Benchmark¶

class elg.benchmark.Benchmark(services: List[Service])¶

Class to execute multiple services in parallel and allows for easy comparison of their outputs using the same input.

Examples:

from elg import Benchmark

# A benchmark can be initialized with a list of services ids (from_ids method) or with a list of entities (from_entities method).
# Here we compare English to German Machine Translation services.
ben = Benchmark.from_ids([610, 624])

# The benchmark can be run on multiple inputs and can be run multiple times to guarantee the result (the first run is also
# usually longer than the next ones due to the service pods initialization).
result = ben(["Bush is the president of the USA and lives in Washington.", "ELG is an amazing project."], number_of_runs=2)

# The benchmark call returns a benchmark result object that can be used to compare the result.

# You can have an overview of the result,
df = result.compare()
print("General comparison:\n", df)

# compare only the results,
df = result.compare_results()
print("Comparison of the results:\n", df)

# or only the response time.
df = result.compare_response_times()
print("Comparison of the response time:\n", df)

# The compare methods return a DataFrame object that can be exported to csv, excel and many other formats to have a
# better visualization
result.compare().to_csv("/tmp/result.csv")

# We can take another example and compare sentiment analysis services.
ben = Benchmark.from_ids([477, 510])
inputs = [
    "This movie is not good at all.",
    "This movie is not good but it was a good moment at the cinema.",
    "This movie is not so bad.",
    "I liked the movie but it was not must seen.",
    "It was the best movie I have ever seen."
]
result = ben(
    inputs,
    output_funcs=[
        lambda x: x.features["OVERALL"],
        lambda x: x.annotations["SentenceSet"][0].features["score"] * 100
    ]
)

print("Result:\n")
result.compare()

classmethod from_entities(entities: List[Entity], auth_object: Optional[str] = None, auth_file: Optional[str] = None, scope: Optional[str] = None, use_cache: bool = True, cache_dir='~/.cache/elg')¶: Class method to init a Benchmark using a list of entities which will be convert into services using the from_entity class method of the Service class.
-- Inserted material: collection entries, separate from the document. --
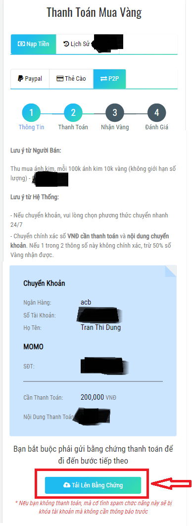 Sau khi tải lên bằng chứng, Hệ Thống đã liên hệ đến Người Bán. Bạn vui lòng đợi Người Bán xác nhận và Chuyển Vàng.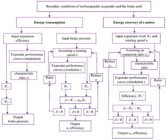 As a critical component of the turbo-based refrigerator, matching performances of the turboexpander with a blower were researched and the mathematical model was built in References [,]. The working power and rotating speed are two equilibrium parameters between the expander and blower. The relations between the expander and blower could be presented as the following [,]: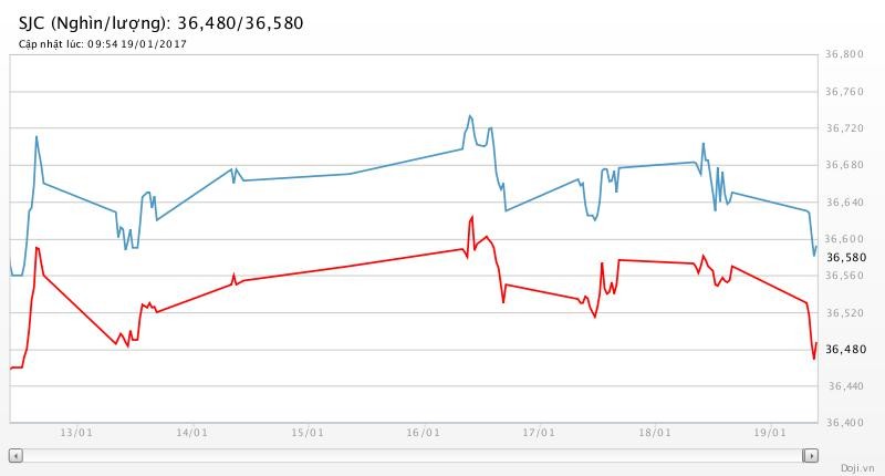Tương tự, tại các đại lý của Doji, giá vàng miếng SJC cũng được tập đoàn này điều chỉnh giảm 90 nghìn đồng chiều mua và 70 nghìn đồng chiều bán về 36,48 – 36,58 triệu đồng/lượng (MV-BR) đối với giao dịch lẻ; và đắt hơn 10 nghìn đồng chiều mua, đồng thời rẻ hơn 10 nghìn đồng chiều bán đối với giao dịch buôn ở thị trường Hà Nội. Hiện, doãng chênh lệch 2 chiều mua - bán ở Doji là 100 nghìn đồng/lượng.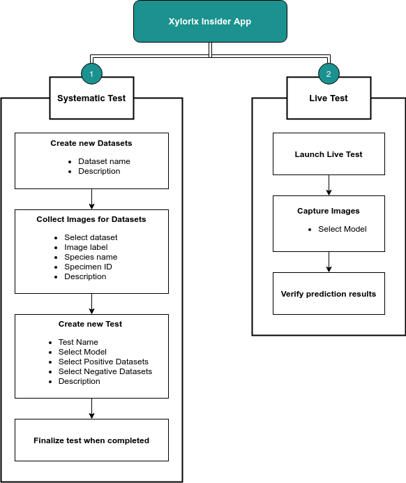 - Systematic Test: Provides users a concise and systematic way to evaluate trained models through images collected and grouped by their respective Datasets. Allows users to create tests for models in which detailed performance reports will be generated and available in the Xylorix Toolkit Webapp.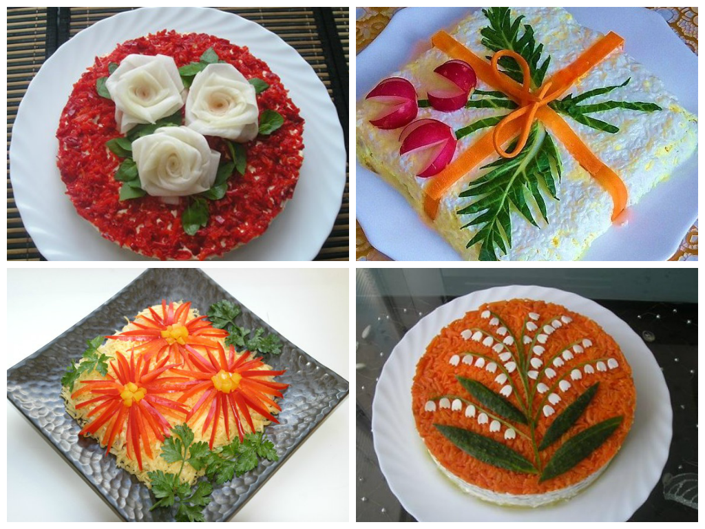 Украшаем блюдо ажурными элементами. Для оформления праздничных салатов и холодных закусок делаем цветы, бабочки, завитушки из различных овощей и фруктов. Можно нарисовать кружевной узор при помощи любого светлого соуса.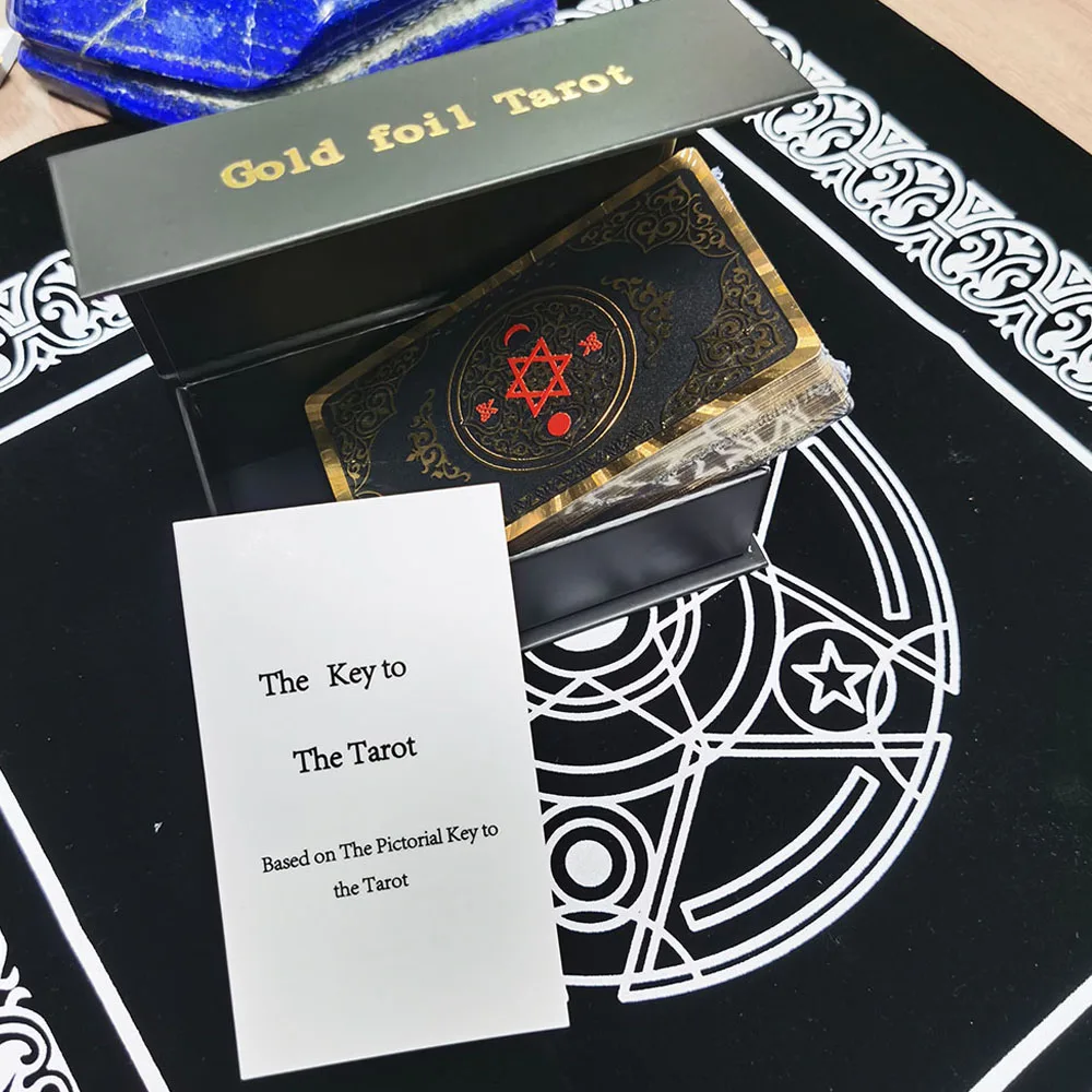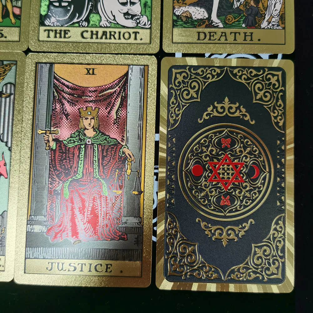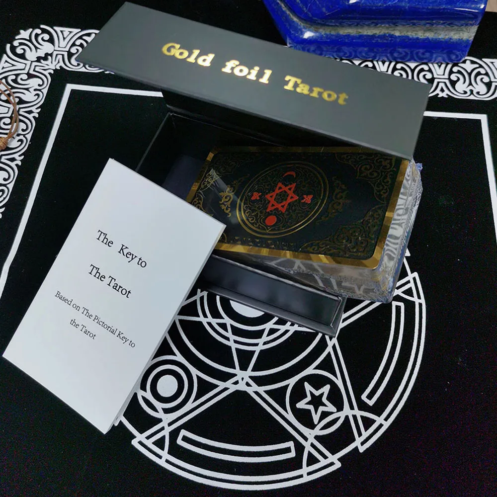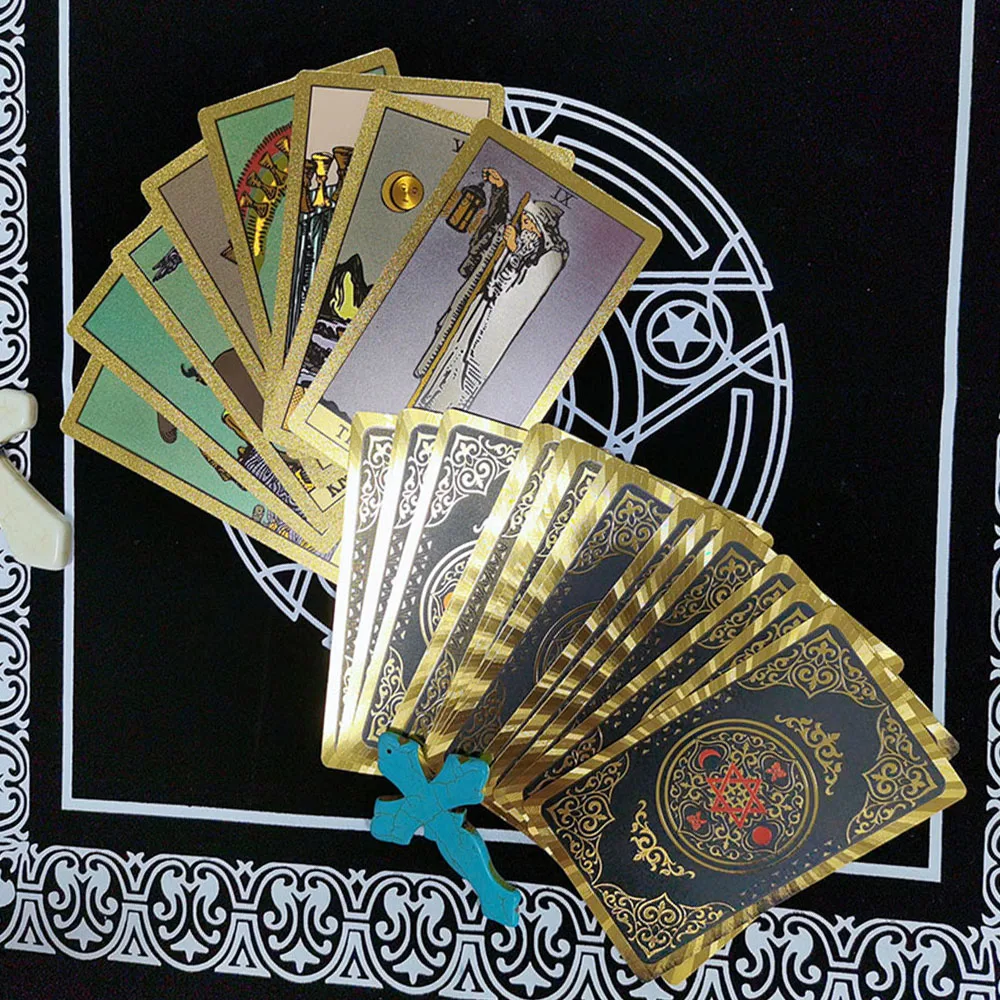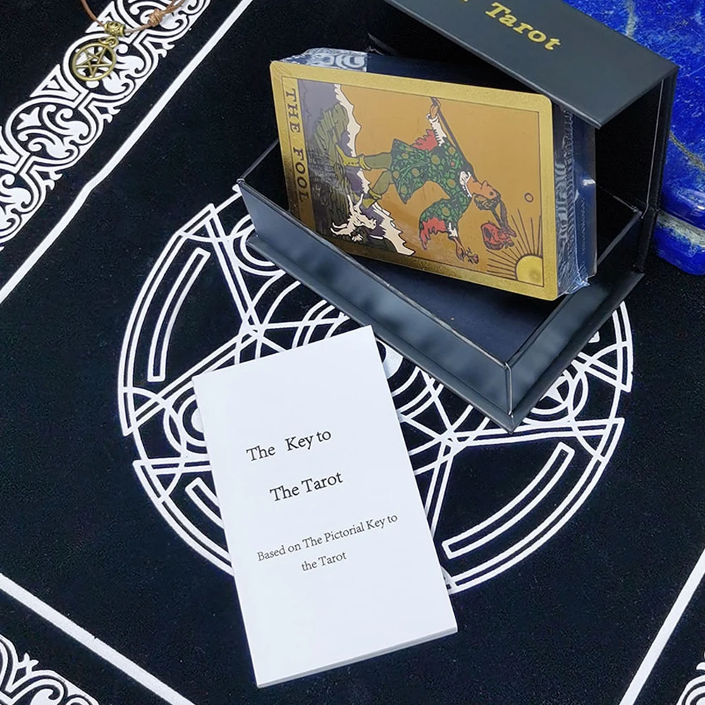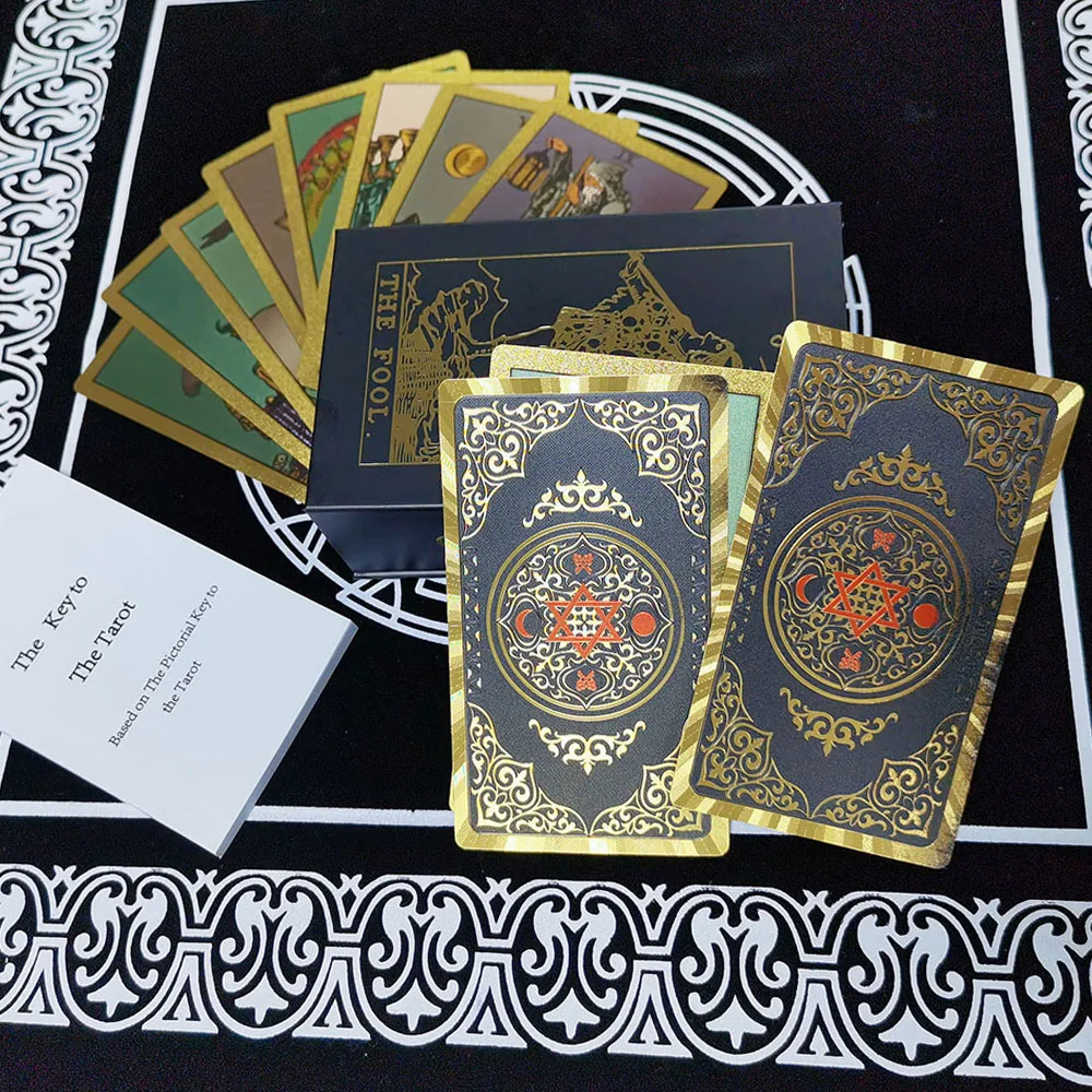 Luxury Set Tarot Cards Divination Six-pointed Star Golden Table Game Prediction Card Pvc Waterproof and Wear-resistant Gift Box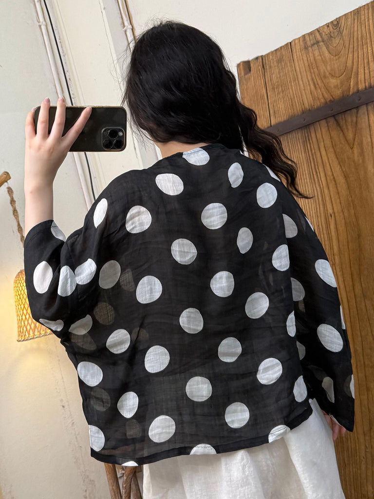 Women Summer Casual Dot O-Neck Ramie Shirt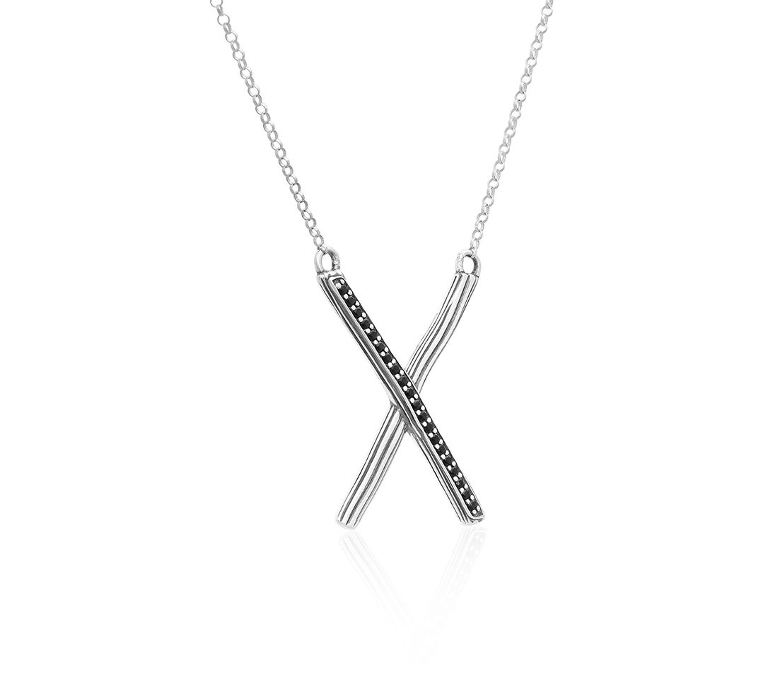 Elevate your wardrobe with this beautiful geometric necklace, showcasing an x-shaped pendant with glimmering gemstones that add sparkle to your look. From Or Paz® Sterling Silver Jewelry.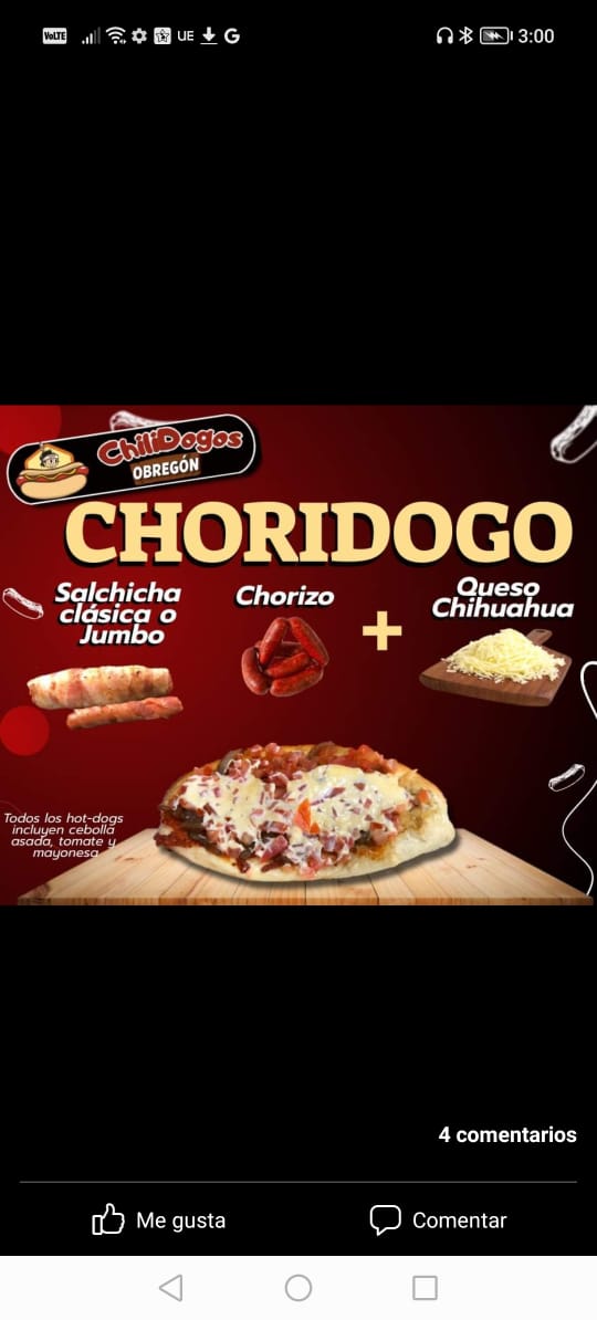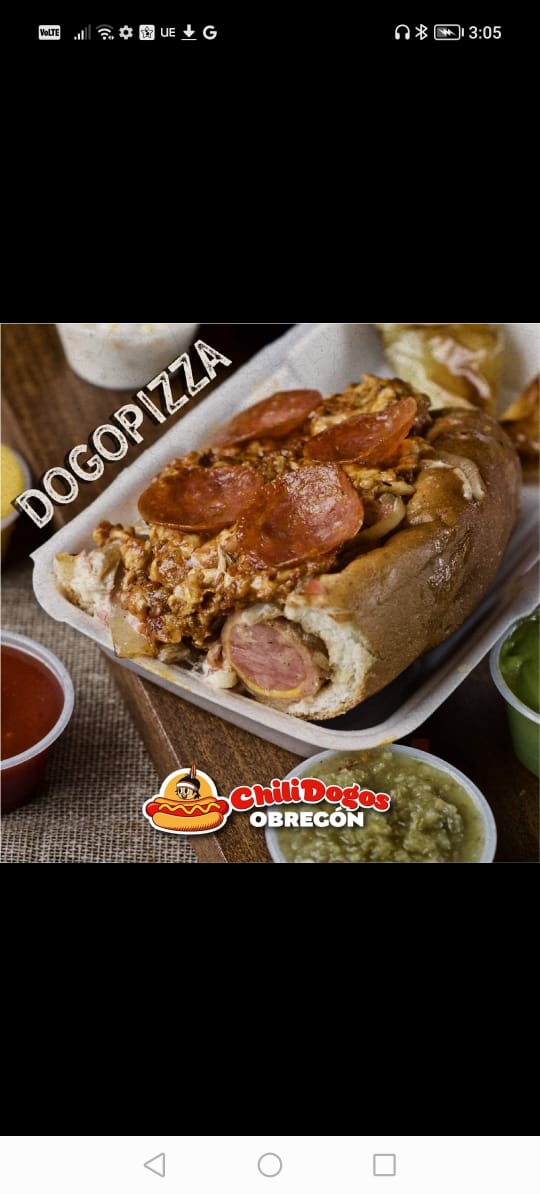 Salchicha jumbo, chorizo frito, pepperoni, queso Chihuahua, salsa para pizza y mayonesa.

Refer to this method for further explanation.

classmethod from_ids(ids: List[int], auth_object: Optional[Authentication] = None, auth_file: Optional[str] = None, scope: Optional[str] = None, domain: Optional[str] = None, use_cache: bool = True, cache_dir: str = '~/.cache/elg')¶: Class method to init a Benchmark using a list of ids which will be convert into services using the from_id class method of the Service class. Refer to this method for further explanation.

__call__(request_inputs: Optional[Union[str, List[str], Request, List[Request]]] = None, request_type: str = 'text', sync_mode: bool = False, timeout: Optional[int] = None, check_file: bool = True, output_funcs: Union[str, Callable, List[Union[Callable, str]]] = 'auto', number_of_runs: int = 2)¶

Method to run the comparison of the services with the given inputs.

Parameters

request_inputs (Union[str, List[str], Request, List[Request]], optional) – list of inputs on which to compare the services. Each input must correspond to the request_input parameter of the Service __call__ method. Defaults to None.
request_type (str, optional) – precise the type of the request. Can be “text”, “structuredText”, or “audio”. It is only used if request_input is not a Request object. Defaults to “text”.
sync_mode (bool, optional) – sync_mode parameter to give to the Service __call__ method. Defaults to False.
timeout (int, optional) – timeout parameter to give to the Service __call__ method. Defaults to None.
check_file (bool, optional) – check_file parameter to give to the Service __call__ method. Defaults to True.
output_funcs (Union[str, Callable, List[Union[str, Callable]]], optional) – output_func parameters to give to the Services __call__ method. Defaults to “auto”.
number_of_runs (int, optional) – number of times to run the services on each input. It is recommended to run the services at least 2 times because on the first time the services usually need to be loaded in the ELG cluster, which will increase the response time. The response time of the second pass is, therefore, more precise. Defaults to 2.

Returns

result of the Benchmark call. To obtain the pandas DataFrame containing all the results, run the compare: method on the obtained BenchmarkResult object.

Return type

BenchmarkResult

class elg.benchmark.BenchmarkResult(services: List[Service], request_inputs: List[str])¶

Class the represent the result of a Benchmark call

set_colwidth(value: Optional[int] = None)¶

Method to easily change the colwidth value of pandas to better vizualize the DataFrame

Parameters: value (int, optional) – value of the colwidth. Defaults to None.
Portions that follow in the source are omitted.